Line Upon LineLine Upon Line
Daniel

The Time and The End | Sunday, August 20, 2023

August 20, 2023 · Pastor Miles DeBenedictis

In this teaching

A teaching through Daniel chapter 11 that traces the detailed prophecy of world kingdoms from the time of Cyrus through Antiochus Epiphanes, then argues that verse 36 onward looks beyond Antiochus to a future Antichrist. The message emphasizes that God's strategic plan is never frustrated, His people are not ultimately overcome, and prophecy should drive believers to faithful engagement in the mission of Christ now.

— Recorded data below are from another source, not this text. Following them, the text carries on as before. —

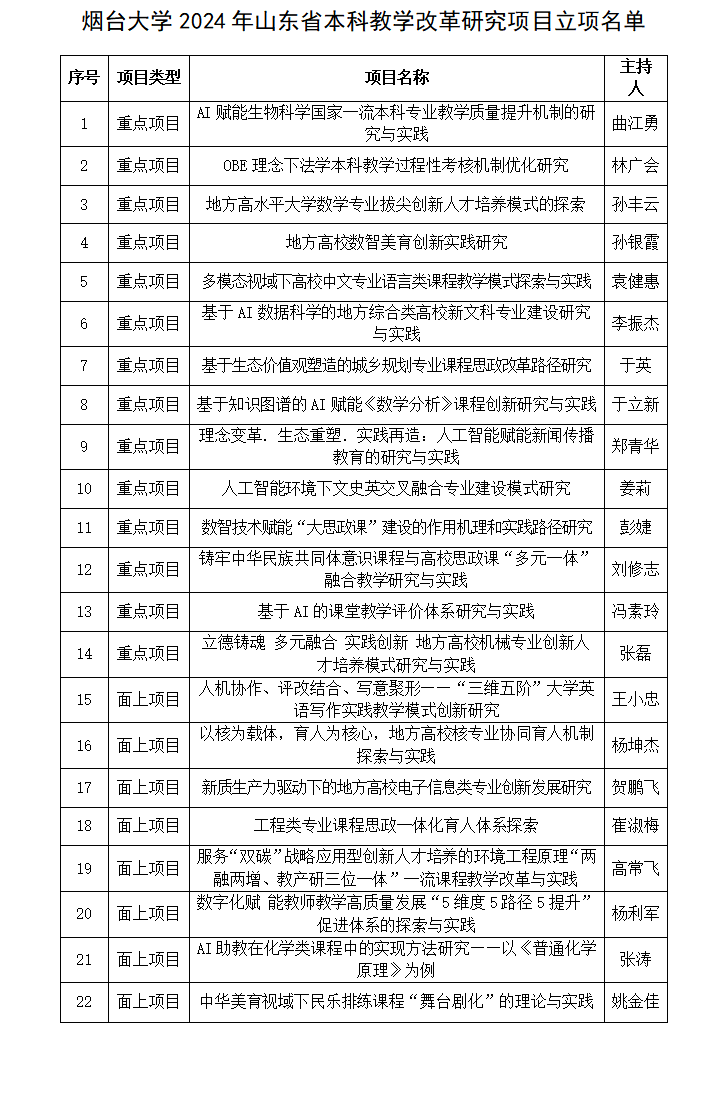 【本站讯】近日,山东省教育厅公布了2024年本科教学改革研究项目立项名单,sunbet申搏官方网站获批22项,其中重点项目14项、面上项目8项,立项数量再创新高,位居省属高校前列。这是学校坚持不懈抓教育教学、不断进行理论与实践探索的结果,也是学校高度重视人才培养、狠抓专业内涵建设、努力提升人才培养质量的集中体现。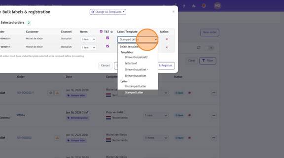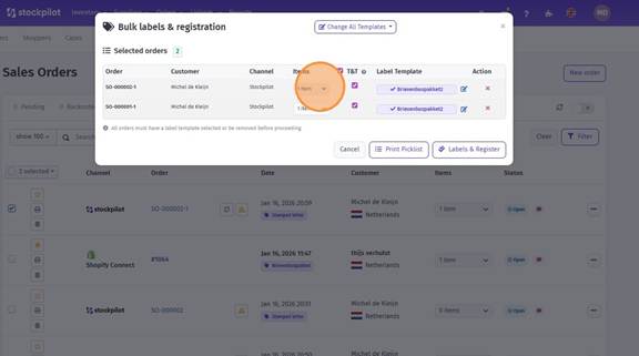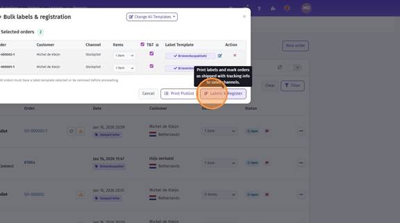 - Choose “Labels & Register” to instantly generate and print your pre-assigned labels and register your orders on the sales channels.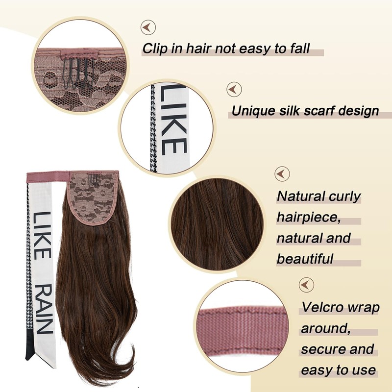 - Easy to use: wrap around ponytail extension is more comfortable and easier to wear, it only takes a few seconds to finish with a gentle paste. The clip and magic band ensure a secure and comfortable attachment for all day wear.

  • When the plain sense of Scripture makes sense, seek no other sense—especially in apocalyptic passages.
  • Daniel's visions repeat the same outline of four kingdoms (Babylon, Medo-Persia, Greece, Rome) leading to the Messiah and God's Kingdom.
  • Prophecy often has an "already and not yet" fulfillment, requiring different interpretive "lenses."
  • Daniel 11:2–35 details history through Antiochus Epiphanes; from verse 36 the picture shifts to a future Antichrist of the same spirit.
  • God's plan is not frustrated by human evil, and His people are not ultimately overcome by those who devise evil.
  • Every time Jesus speaks of future things, He calls His people to faithful watching, waiting, and working in the present.
Now I have come to make you understand what will happen to your people in the latter days, for the vision refers to many days yet to come... ()
Those who do wickedly against the covenant he shall corrupt with flattery; but the people who know their God shall be strong, and carry out great exploits. And those of the people who understand shall instruct many; yet for many days they shall fall by sword and flame, by captivity and plundering. ()

When the plain sense of God's strange visions makes sense, seek no other sense—and let prophecy drive you to faithfulness now.

Reading Daniel by the Plain Sense

We are in the Old Testament book of Daniel, chapter 11, beginning to wrap up our summer study; next week we finish the last chapter. As we've gone through this text, I've shared an important truth about interpreting Scripture: when the plain sense makes sense, seek no other sense.

This is critically important in strange passages like this one. If you've been around church for any length of time, you've heard teachings on –12 that drift away from the plain sense of the text—and when you drift away from the plain sense, it is easy to drift into nonsense. There is a lot of interpretive teaching on the apocalyptic genre that, evaluated in the light of Scripture, is fairly nonsensical. So we want to follow the plain-sense method.

The Same Outline, Repeated

Daniel divides evenly into two halves. The first half is a series of stories demonstrating that God is with His people in troubling times—Daniel, Hananiah, Mishael, and Azariah as teenage exiles, the fiery furnace, the lion's den. These are the familiar Sunday school stories, easy to understand. But chapters 7 through 12 get strange.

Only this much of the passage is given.